The Microsoft Office Fluent interface (the “ribbon”)…(pg. xvi)
Project 2010 adopted the ribbon, which was introduced in some of the other Office applications at their 2007 release. So Project is catching up with the Jones. I personally am a big fan of the ribbon UI. There is an up-front learning curve, but I have found it is well worth it.
Project 2010 is a substantial update for desktop project management (pg. xvii)
Yes indeed! While most of the action in the last several releases of Project has been on Project Server and enterprise project management (EPM), in 2010 the desktop app gets lots of loving attention from the product development team.
If any of your settings are different, the ribbon on your screen might not look the same as the one shown in this book. (pg. xxiv)

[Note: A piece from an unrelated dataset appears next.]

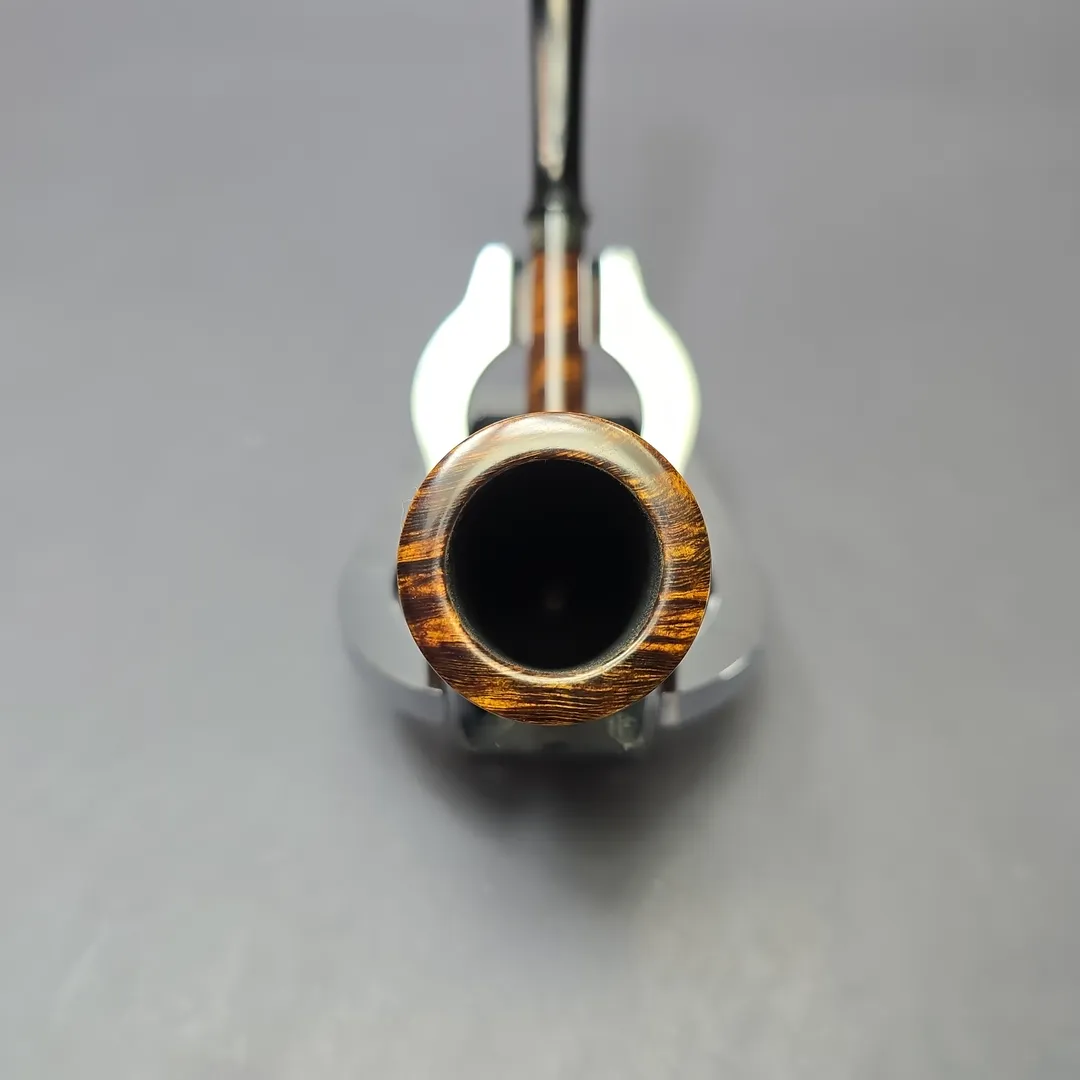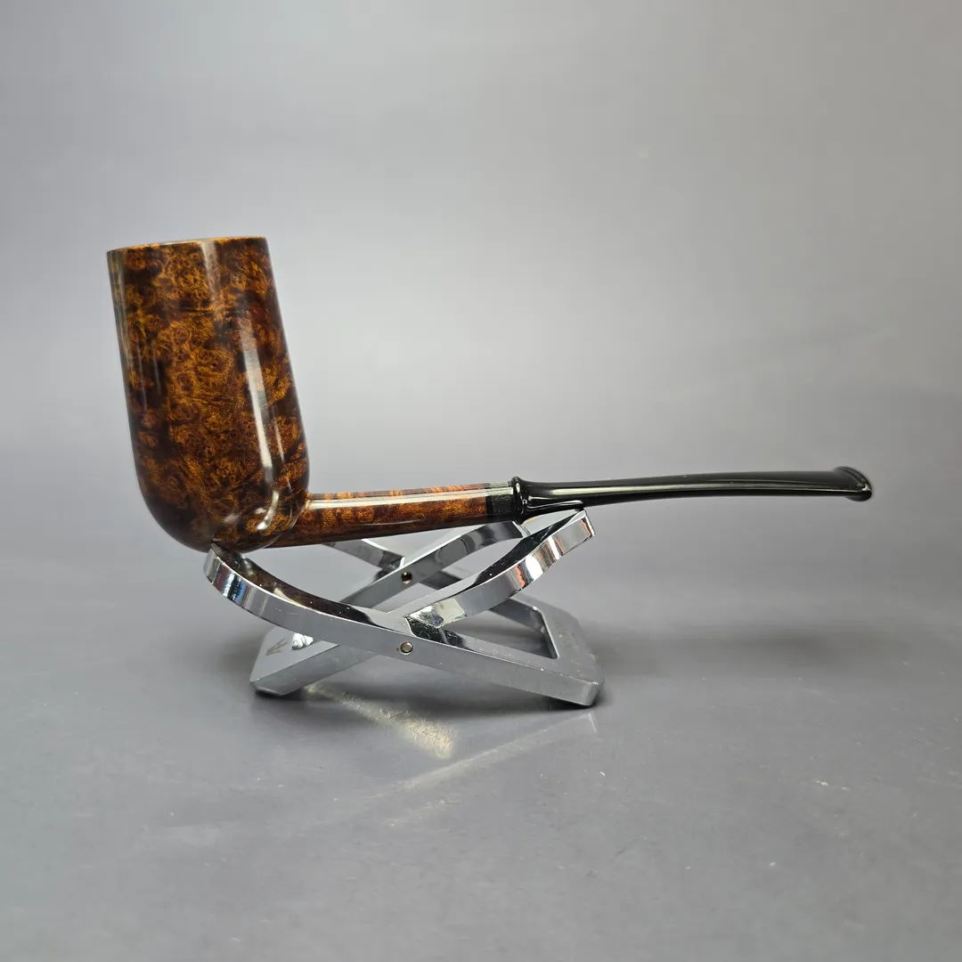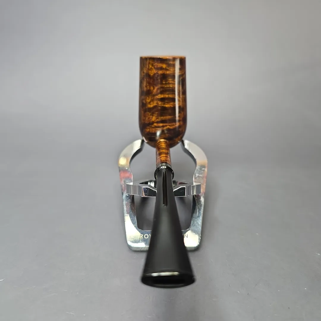 “Pencil-shanks” and other distinctly narrow design elements are hallmarks of many of Piero Vitale’s signature shapes, and nowhere are these elements more prominent than Vitale’s signature “Chimney,” Defined by its pencil-thin, ebonite and stainless steel-stabilized shank, long, slender mouthpiece, and tall, stacked billiard bowl, its slight aesthetic is matched by an almost impossible lightness in weight. This golden-contrast finished Chimney is a Moon grade, the second-highest possibly for a Vitale pipe.

One of the really smart behaviors of the ribbon UI is that it gracefully resizes itself based on your computer’s screen resolution or just by resizing the MS Project window. Go ahead and give it a try—start with a maximized Project window, then adjust it to smaller sizes. Note how the items on the ribbon are changed—text labels get dropped, the some commands get dropped, and ultimately just the group labels remain. It’s a smart UI but does take some training to master.